Collaboration Demonstrates New Model for Managing Power, Reducing Blackout Risk
Cascading power outages are a series of outages in an electric power system leading to widespread blackouts, which are much more severe than local outages. To avoid outages leading to blackout, secure and stable power system operation must be maintained and oscillations in alternating current (AC) transmitted from a power station to the end-user must be controlled. Researchers have developed a new model to serve as an intelligent oscillation controller that is adaptive to a wide variety of operating conditions. The model was demonstrated in case studies on realistic power grid scenarios for three utilities: New York Power Authority (NYPA), Terna (the sole transmission system operator in Italy), and Saudi Electricity Company (SEC). The team included researchers from the University of Tennessee-Knoxville (UTK) and the Electric Power Research Institute, and made use of a hardware testbed (HTB) operated by the Center for Ultra-Wide-Area Resilient Electric Energy Transmission Networks (CURENT), an NSF Engineering Research Center (ERC) supported by NSF and the U.S. Department of Energy and headquartered at UTK, with partner organizations including Northeastern University, Rensselaer Polytechnic Institute, and Tuskegee University.

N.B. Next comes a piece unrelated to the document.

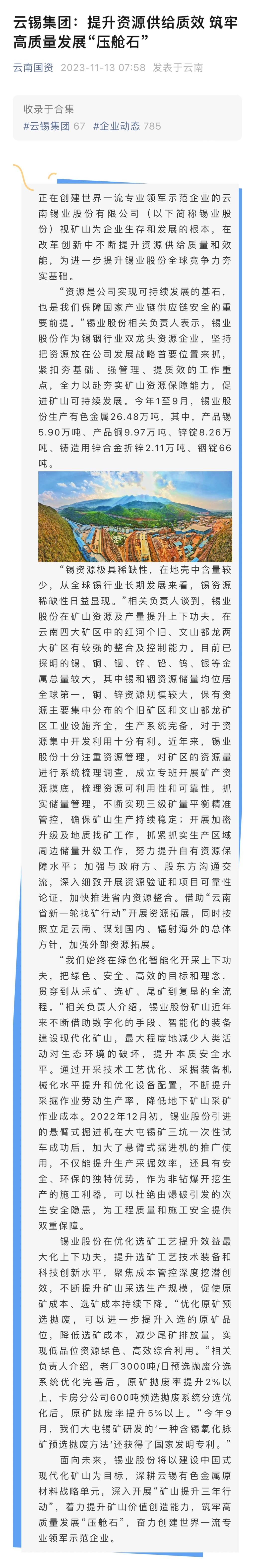 云南国资、中国有色金属报:锡业股份提升资源供给质效 筑牢高质量发展“压舱石”

Frequency in power transmission refers to the oscillation of alternating current (AC) transmitted from a power station to the end-user in an electric power grid. Oscillations must be damped effectively to maintain secure and stable system operation. One of the main drawbacks of existing oscillation damping controllers is that they are designed based on offline simulations for assumed system conditions and are not adaptive to the varying power system operating conditions. This measurement derived model-based adaptive wide-area damping controller was implemented on CURENT’S HTB. Researchers built and tested a simple, measurement-driven model to depict oscillatory behavior for damping controller design that can adaptively adjust wide-area damping controller parameters for current operating condition. They then demonstrated and verified the model through multiple case studies in power systems in the U.S., Italy, and Saudi Arabia. The benefits of effective damping include enhanced grid stability, mitigation of blackout risk due to oscillation, improved power transfer capability of existing transmission lines for more economic operation, and many others.

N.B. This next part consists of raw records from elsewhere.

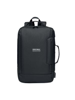 HANA Mochila para portátil 600D RPETMochila para portátil de 15'' en poliéster RPET 600D. 3 grandes compartimentos exteriores con cremallera totalmente acolchados con varios bolsillos interiores. Dispone de dos bolsillos laterales de malla. Tirantes ajustables. Parte trasera de malla acolchada con flujo de aire. Soporte para trolley en la parte trasera.
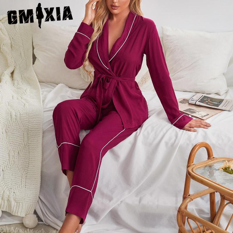 GMXIA Пижама Женская Осень и Зима Красный Халат с Длинным Рукавом Брюки Домашняя Одежда из Двух Предметов XL малиновый
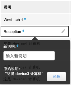 设备名称(反映 NT 计算机名称)可能含义模糊,并且可能很难与实际设备或用户联系起来。作为管理员,您可以编辑(别名)设备名称、设备说明和用户名称来使它们更有意义,并在使用设备过滤器时,帮助设备按有用的序列显示。例如,您可以在设备名称中使用文本字符串(例如,DES 和 SALES)将设计计算机和销售计算机区分开来。如果您在多个城市中拥有设备,您可以将城市包括在设备说明中,以便按位置分类设备。

CURENT’s HTB is a unique test platform that emulates large-scale power systems by interconnecting modular and reprogrammable power electronic converters in a reconfigurable structure. The converters, also called emulators, can be programmed and controlled in real time to mimic the behaviors of various generation sources (e.g., synchronous machine, solar, and wind), transmission lines, loads, energy storages, HVDC, and other components in power systems with scalable ratings.

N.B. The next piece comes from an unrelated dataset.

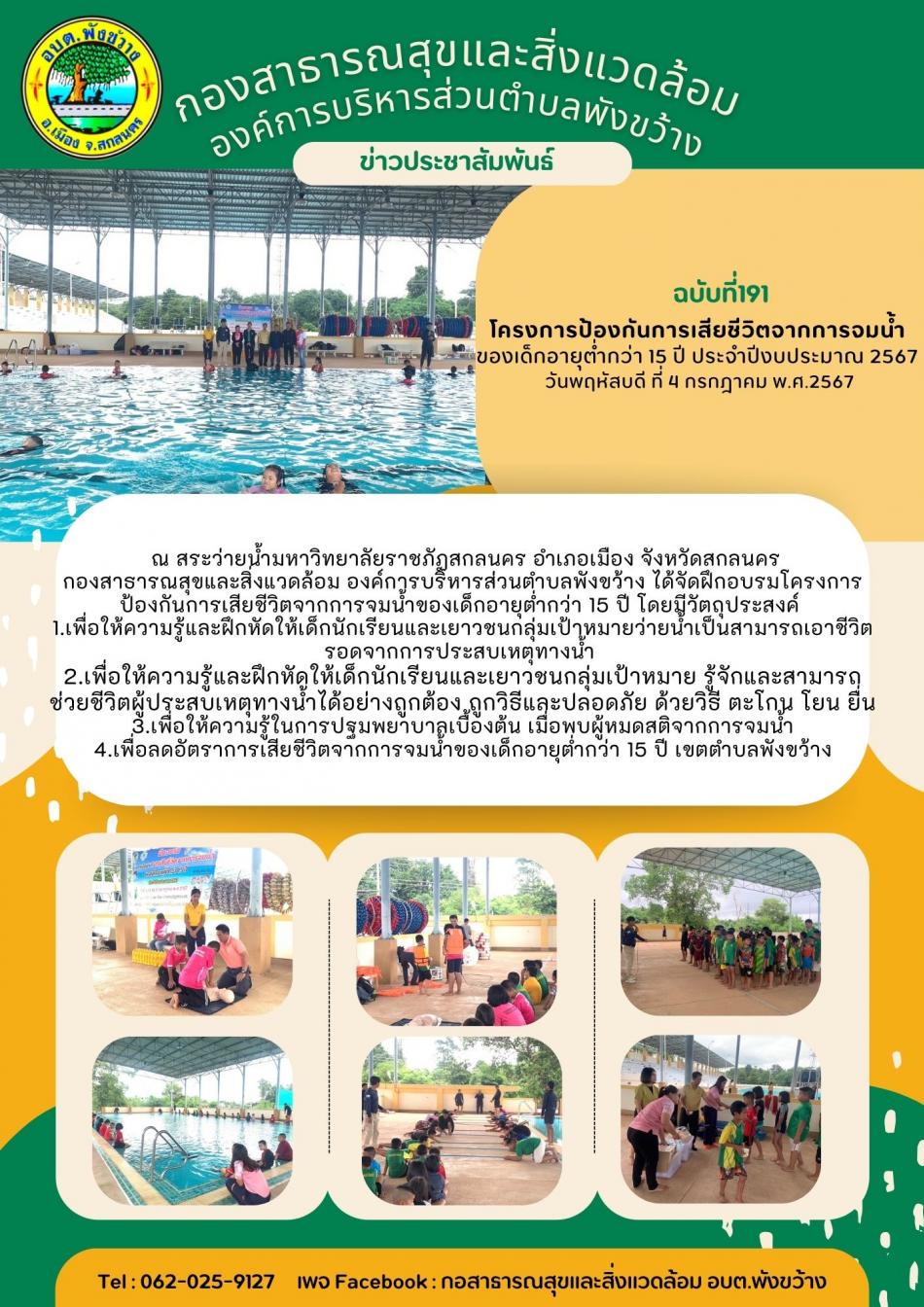 โครงการป้องกันการเสียชีวิตจากการจมน้ำของเด็กอายุต่ำกว่า 15 ปี ประจำปีงบประมาณ 2567 [4 กรกฎาคม 2567]

After identifying and validating the intelligent oscillation controller, the researchers worked with the three geographically dispersed utilities for further analysis and demonstration in varying conditions such as cascading events and seasonal operating condition variations. Their effort successfully demonstrated the effectiveness of adaptive WADC to accommodate variations in operating conditions, providing better control.